O secretário-geral do PSOE de Cartagena, Manuel Torres, afirmou que a recente interceptação em alto-mar de uma lancha com quatro motores e a detenção de seus dois patrões por parte da Guarda Civil "desmontou em poucas horas toda a campanha de alarmismo que Noelia Arroyo e o PP estavam construindo em Cartagena".
Em seu comunicado, Torres destacou que "Arroyo dizia que as máfias entravam e saíam quando queriam, que agiam com impunidade e que o Governo não fazia nada. Hoje há uma embarcação de quatro motores interceptada em alto-mar e seus dois patrões estão detidos. Os fatos deixaram o PP em evidência".
O porta-voz socialista criticou a estratégia do Partido Popular e apontou que "enquanto Arroyo e López Miras montavam coletivas de imprensa, vídeos e até um Conselho de Governo para alimentar o medo, a Guarda Civil estava trabalhando, vigiando nossas costas e preparando operações. Enquanto Arroyo montava o espetáculo, a Guarda Civil montava a operação".

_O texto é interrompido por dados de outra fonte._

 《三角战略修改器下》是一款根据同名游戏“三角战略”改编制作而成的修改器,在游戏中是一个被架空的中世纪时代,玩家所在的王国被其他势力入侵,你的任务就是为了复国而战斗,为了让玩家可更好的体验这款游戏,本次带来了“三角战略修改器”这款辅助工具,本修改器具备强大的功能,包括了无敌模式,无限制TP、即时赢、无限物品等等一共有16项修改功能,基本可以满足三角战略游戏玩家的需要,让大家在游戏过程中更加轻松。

Torres também sublinhou que, no início de agosto, a Guarda Civil e a Polícia Nacional realizaram uma operação conjunta na qual desarticularam uma das maiores redes de tráfico marítimo de pessoas do Mediterrâneo, com 78 detidos, 27 enviados à prisão preventiva e 18 embarcações apreendidas. "Isso é lutar contra as máfias. Detê-las, desmantelar suas redes e intervir em seus meios. O resto é barulho e propaganda", indicou.
O dirigente socialista negou que seu partido minimizasse a situação e insistiu que "há máfias que traficam com pessoas e é preciso persegui-las com todos os meios do Estado. E isso é exatamente o que estão fazendo as Forças e Corpos de Segurança".

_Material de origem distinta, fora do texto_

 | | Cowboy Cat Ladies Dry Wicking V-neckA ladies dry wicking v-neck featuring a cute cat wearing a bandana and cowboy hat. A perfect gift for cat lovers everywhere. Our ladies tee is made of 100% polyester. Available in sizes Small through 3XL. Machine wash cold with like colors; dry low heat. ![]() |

Nessa linha, ele censurou o uso partidário do fenômeno migratório por parte do PP e advertiu sobre suas consequências: "O que não vamos aceitar é que o PP utilize cada barco para tentar convencer os cartageneros de que vivem em uma cidade sem controle e sem segurança. É falso e além disso prejudica gravemente a imagem de Cartagena".

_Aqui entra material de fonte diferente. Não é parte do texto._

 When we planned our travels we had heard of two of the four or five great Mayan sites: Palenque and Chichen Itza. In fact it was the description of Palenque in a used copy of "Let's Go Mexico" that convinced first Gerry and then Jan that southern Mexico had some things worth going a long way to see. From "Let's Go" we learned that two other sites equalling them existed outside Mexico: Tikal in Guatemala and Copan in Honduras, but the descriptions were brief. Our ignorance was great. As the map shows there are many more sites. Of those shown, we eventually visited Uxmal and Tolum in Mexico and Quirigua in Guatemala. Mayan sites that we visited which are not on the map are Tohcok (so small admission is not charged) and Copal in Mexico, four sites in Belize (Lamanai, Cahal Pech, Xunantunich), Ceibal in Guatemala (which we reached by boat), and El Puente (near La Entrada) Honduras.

Por fim, Torres pediu à prefeita "menos propaganda e mais respeito pelos profissionais que estão protegendo nossas costas. Se Noelia Arroyo tivesse um mínimo de rigor, depois do que ocorreu hoje deveria reconhecer que suas acusações de impunidade e inação eram falsas. Mas o problema é que ao PP não interessa a realidade: interessa manter o medo".